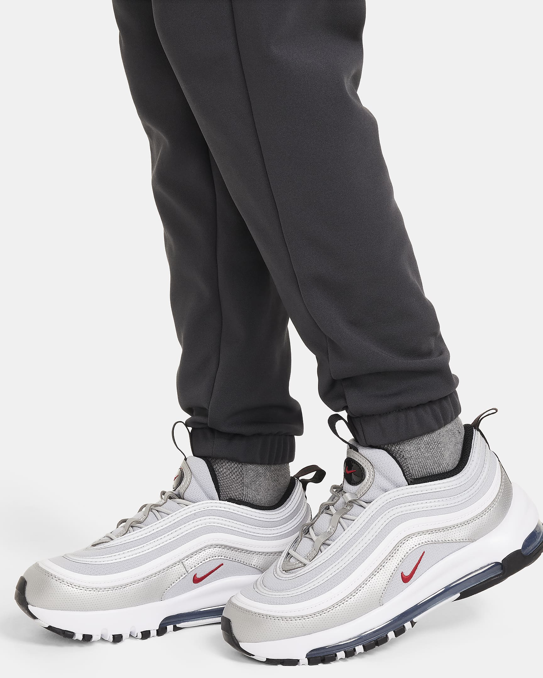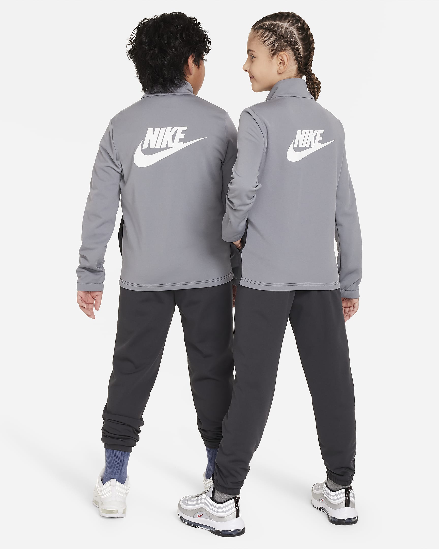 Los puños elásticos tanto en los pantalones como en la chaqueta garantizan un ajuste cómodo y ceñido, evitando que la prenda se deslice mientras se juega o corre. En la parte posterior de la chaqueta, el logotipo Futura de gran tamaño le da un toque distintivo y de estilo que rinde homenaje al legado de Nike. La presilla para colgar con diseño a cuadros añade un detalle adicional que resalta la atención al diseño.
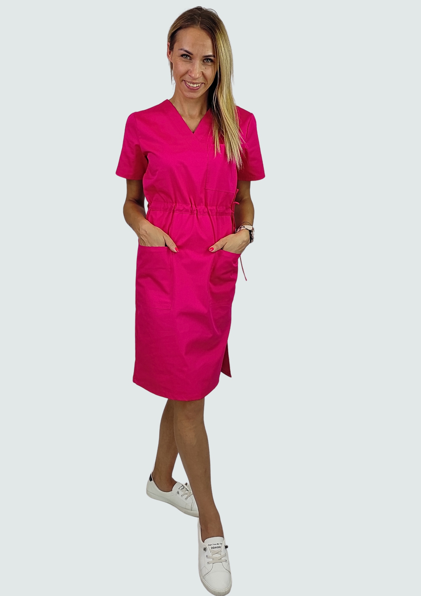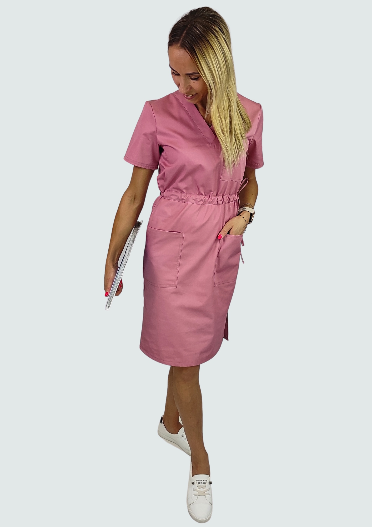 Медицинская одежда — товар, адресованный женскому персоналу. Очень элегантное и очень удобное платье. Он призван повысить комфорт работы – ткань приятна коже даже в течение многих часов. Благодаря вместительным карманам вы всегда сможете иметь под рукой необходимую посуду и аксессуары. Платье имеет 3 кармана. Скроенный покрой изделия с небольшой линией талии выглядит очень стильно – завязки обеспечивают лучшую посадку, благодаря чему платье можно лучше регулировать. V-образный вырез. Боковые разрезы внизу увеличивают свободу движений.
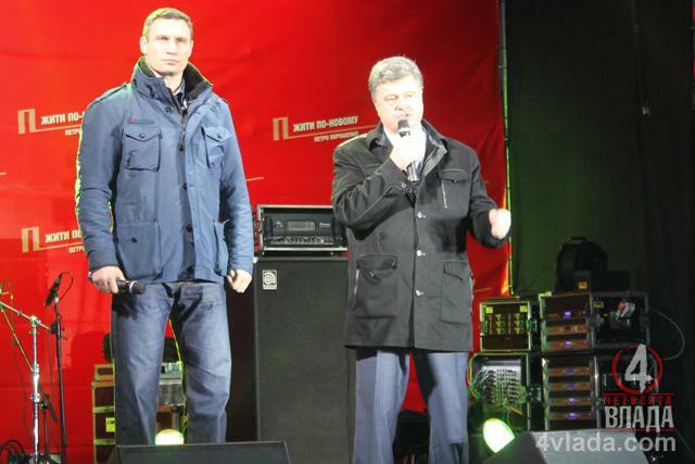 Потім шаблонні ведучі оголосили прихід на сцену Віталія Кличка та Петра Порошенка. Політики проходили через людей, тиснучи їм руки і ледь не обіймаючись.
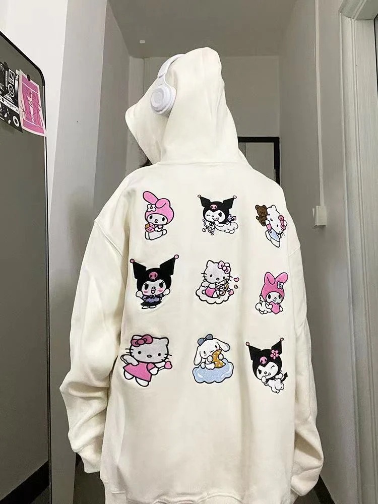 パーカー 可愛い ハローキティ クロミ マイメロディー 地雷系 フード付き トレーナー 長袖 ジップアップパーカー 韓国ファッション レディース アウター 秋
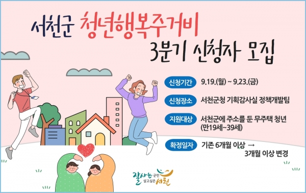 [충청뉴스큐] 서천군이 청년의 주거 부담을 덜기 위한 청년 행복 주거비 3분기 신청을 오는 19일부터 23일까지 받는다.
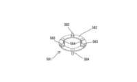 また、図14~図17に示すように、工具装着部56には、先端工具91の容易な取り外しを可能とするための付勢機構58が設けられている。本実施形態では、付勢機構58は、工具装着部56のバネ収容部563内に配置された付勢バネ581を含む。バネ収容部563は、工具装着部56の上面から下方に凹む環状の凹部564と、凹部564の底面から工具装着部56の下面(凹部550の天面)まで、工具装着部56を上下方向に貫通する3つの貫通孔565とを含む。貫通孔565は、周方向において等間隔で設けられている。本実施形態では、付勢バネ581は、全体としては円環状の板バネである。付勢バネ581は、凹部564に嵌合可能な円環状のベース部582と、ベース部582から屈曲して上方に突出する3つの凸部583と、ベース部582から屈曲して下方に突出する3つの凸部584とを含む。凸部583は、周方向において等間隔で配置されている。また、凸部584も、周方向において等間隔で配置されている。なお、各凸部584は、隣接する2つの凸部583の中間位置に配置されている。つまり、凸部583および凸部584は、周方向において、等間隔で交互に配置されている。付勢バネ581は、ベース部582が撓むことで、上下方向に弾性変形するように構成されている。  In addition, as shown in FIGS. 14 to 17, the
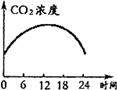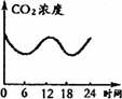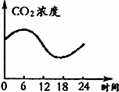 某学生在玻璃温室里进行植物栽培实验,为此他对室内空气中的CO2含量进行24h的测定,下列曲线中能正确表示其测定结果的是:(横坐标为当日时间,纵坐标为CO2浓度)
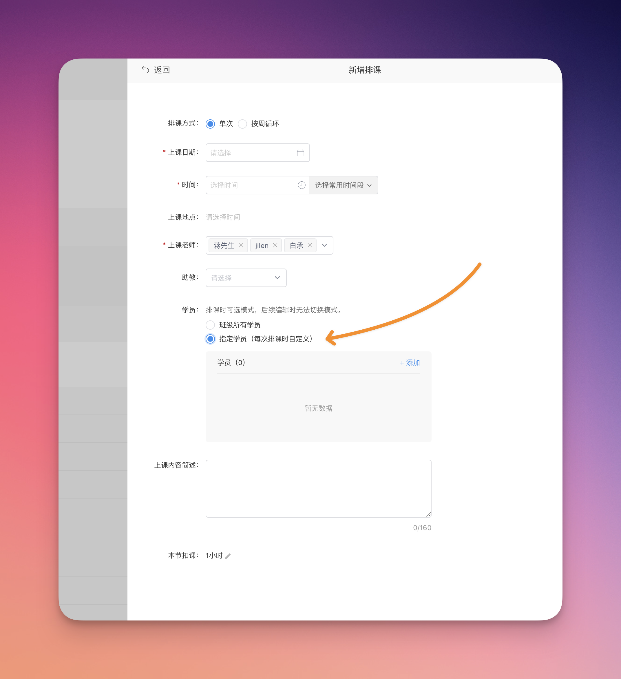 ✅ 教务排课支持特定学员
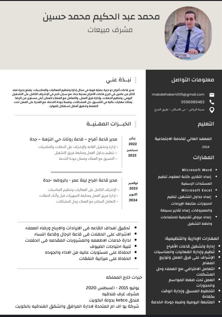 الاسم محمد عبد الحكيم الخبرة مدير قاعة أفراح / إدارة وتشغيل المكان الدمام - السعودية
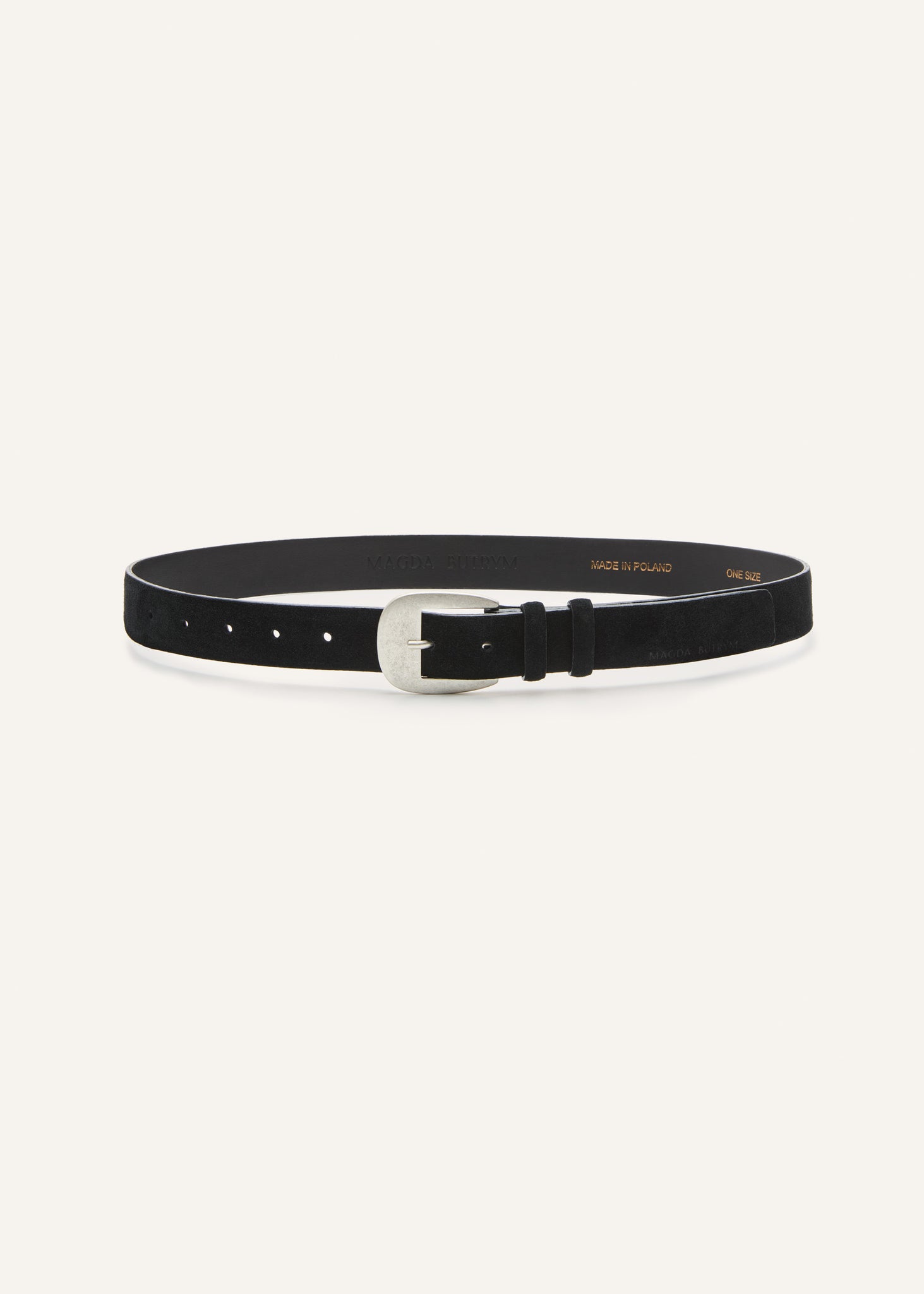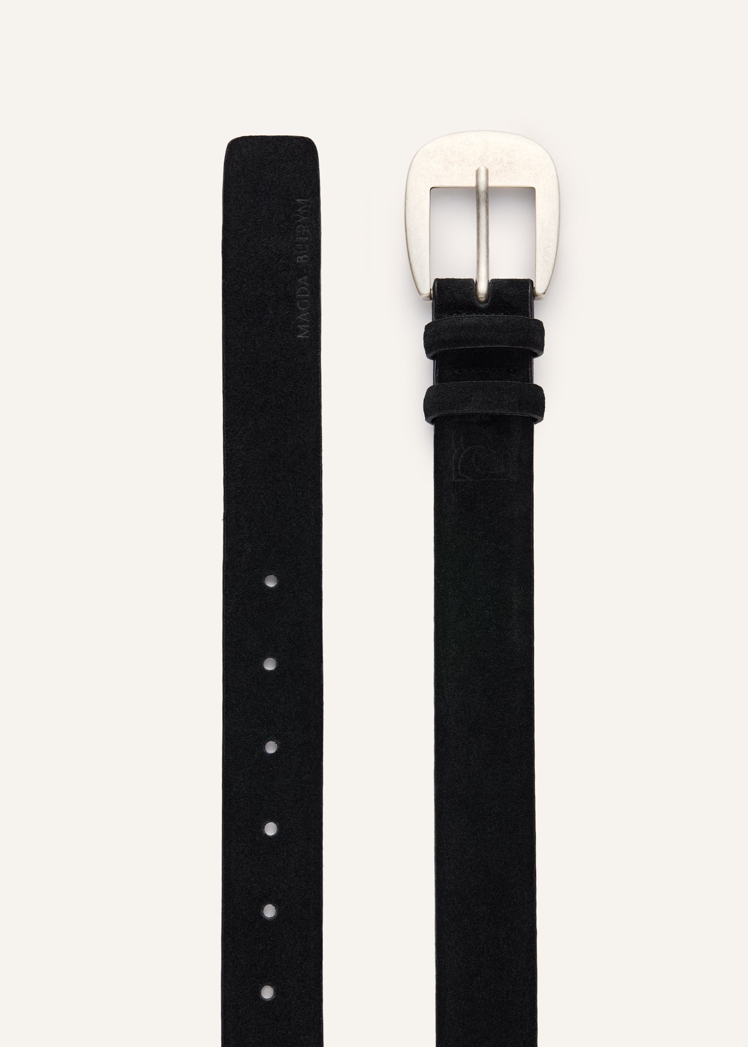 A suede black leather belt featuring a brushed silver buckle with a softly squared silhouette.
+-------+
# Required action:
In your output, include only the lines from the line containing "パーカー 可愛い ハローキティ" through the last line of the material above, exactly as they appear, and leave out the pictures.

# Task result:
 パーカー 可愛い ハローキティ クロミ マイメロディー 地雷系 フード付き トレーナー 長袖 ジップアップパーカー 韓国ファッション レディース アウター 秋
 [충청뉴스큐] 서천군이 청년의 주거 부담을 덜기 위한 청년 행복 주거비 3분기 신청을 오는 19일부터 23일까지 받는다.
 また、図14~図17に示すように、工具装着部56には、先端工具91の容易な取り外しを可能とするための付勢機構58が設けられている。本実施形態では、付勢機構58は、工具装着部56のバネ収容部563内に配置された付勢バネ581を含む。バネ収容部563は、工具装着部56の上面から下方に凹む環状の凹部564と、凹部564の底面から工具装着部56の下面(凹部550の天面)まで、工具装着部56を上下方向に貫通する3つの貫通孔565とを含む。貫通孔565は、周方向において等間隔で設けられている。本実施形態では、付勢バネ581は、全体としては円環状の板バネである。付勢バネ581は、凹部564に嵌合可能な円環状のベース部582と、ベース部582から屈曲して上方に突出する3つの凸部583と、ベース部582から屈曲して下方に突出する3つの凸部584とを含む。凸部583は、周方向において等間隔で配置されている。また、凸部584も、周方向において等間隔で配置されている。なお、各凸部584は、隣接する2つの凸部583の中間位置に配置されている。つまり、凸部583および凸部584は、周方向において、等間隔で交互に配置されている。付勢バネ581は、ベース部582が撓むことで、上下方向に弾性変形するように構成されている。  In addition, as shown in FIGS. 14 to 17, the
 某学生在玻璃温室里进行植物栽培实验,为此他对室内空气中的CO2含量进行24h的测定,下列曲线中能正确表示其测定结果的是:(横坐标为当日时间,纵坐标为CO2浓度)
 ✅ 教务排课支持特定学员
 الاسم محمد عبد الحكيم الخبرة مدير قاعة أفراح / إدارة وتشغيل المكان الدمام - السعودية
 A suede black leather belt featuring a brushed silver buckle with a softly squared silhouette.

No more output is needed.